Because of the given scenario it is too complex to access “real”, productive customer data which reflects errors and conditions occurring in a productive system, the data to be used by the network is generated artificially. For that, suitable input features as well as their characteristics are determined manually so that training- and test data can be generated accordingly. By manually predefining a perfect, expected score card model for the error/ risk classification and generation, the performance of the trained network can be validated precisely by comparing the predefined to the learned weightings.
The outcome – Highly accurate prediction by using neural networks offering a huge potential for cost reduction
Applying a neural network on data generated as described above shows that errors and/ or risks can be detected very accurately in the given example. With a training data set of 100.000 examples and an error rate of about 5%, a prediction accuracy of close to 100 percent can be reached.

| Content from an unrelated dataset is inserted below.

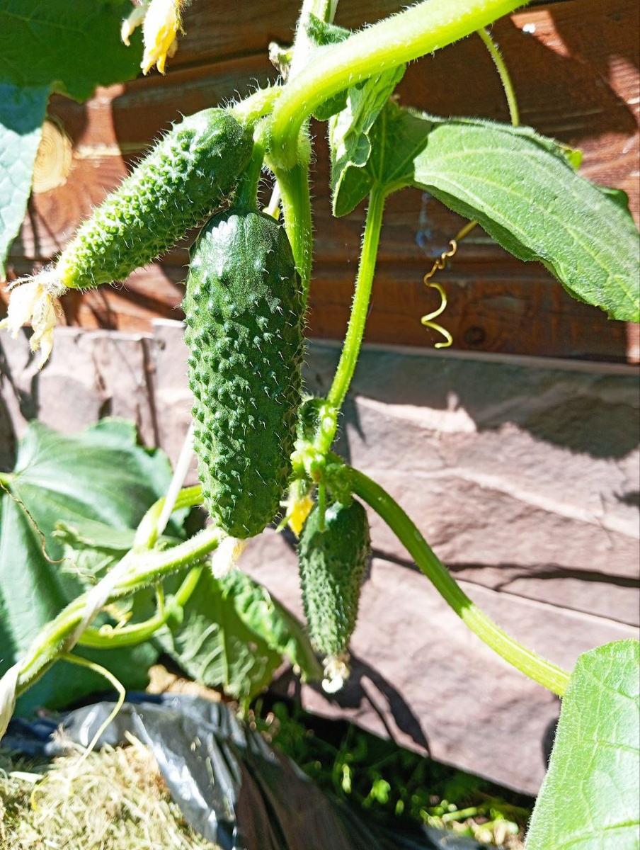 Всем здравствуйте! Июнь близится к своему завершению, на улице 30-градусная жара, а я решила рассказать о своём огороде, для тех, кому цветы не очень интересны. Те, кто со мной давно, знают, что овощей я много не выращиваю, плантаций помидор, огурцов и прочих овощных культур у меня нет. Все культуры буквально поштучно, чисто поесть, в приоритете цветы. Но тем не менее… Сегодня собрала первый урожай огурцов. Урожай, конечно, громко сказано, первые пять штук будет точнее) 😂 Огурцы уже не первый год выращиваю в мешках и такой способ мне очень нравится. В этом году посадила 4 куста сорта Хрустящая грядка, но один из них недавно случайно выдрала. Сейчас в срочном порядке подращиваю ему замену какого-то балконного, не помню, как называется. Этого количества мне вполне хватает и поесть и баночки закрыть. Помидор у меня 5 кустов разных сортов, все низкорослые, поскольку всё выращиваю на улице, теплицы у меня нет. Первые помидорки, пока ещё совсем маленькие появились на балконном сорте Сахарн

Furthermore, several tests and experiments conducted in the scope of this project give helpful hints for possible future applications that might be based on productive data.
The key findings are:
- The more data is available for training the network, the better the performance and thus the prediction accuracy of the network will be
- The higher the percentage of erroneous/ risky transactions within the data is, the less training examples are required for achieving a satisfactory result
- The network can precisely indicate irrelevant input features that have no effect on the error classification by learning a weight value that is close to 0 for the respective transition
- Normalizing the data before feeding it into the network results in a faster training time as well as much more accurate predictions
- With HANA PAL, data stored on regular HANA instances can be easily used for the application of appropriate machine learning algorithms in the same place so that data does not need to be moved. However, this library holds some restrictions that might cause problems when working on more complex scenarios
Because the result and the accuracy of the network strongly depends on the training data, it is very important to preprocess it before feeding it into the network and to carefully choose relevant input features.

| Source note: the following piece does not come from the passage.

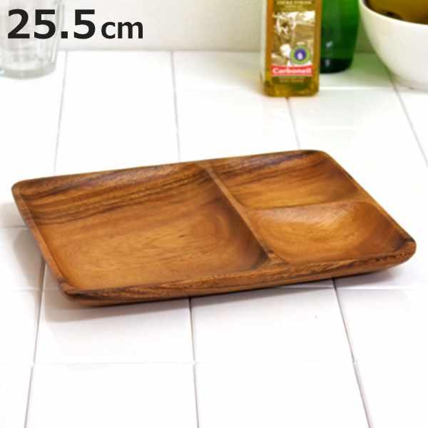 アカシア プレート 25.5cm 仕切り 木製 ( ランチプレート 仕切り皿 木製プレート お皿 皿 木製食器 スクエア 角 3つ仕切り ワンプレート ランチ キッチン用品 インテリア 北欧風 おしゃれ )

All in all the findings give important hints and insights for future applications. Especially the shown influence of amount and structure of training data and features needs to be considered when developing future applications.
Apart from the use case described above further possible use cases include credit scoring, error classification and fraud detection:
In credit scoring neural networks are used to give recommendations and to make decisions whether a customer should be granted credit based on his past behavior and credit history.
Furthermore, neural networks can be used to classify errors that occurred in a particular system. By analyzing error messages, corresponding data and contributory influences errors can be classified in order to help speeding up the search for root causes and the correction of errors.
Finally, neural networks are often used to detect fraud based on transaction and customer characteristics – a popular use case is the detection of credit card fraud.
All in all, the thesis has shown that, in general, the application of neural networks can be very beneficial when enough data with a high data quality is available so that processes can be supported and/ or optimized.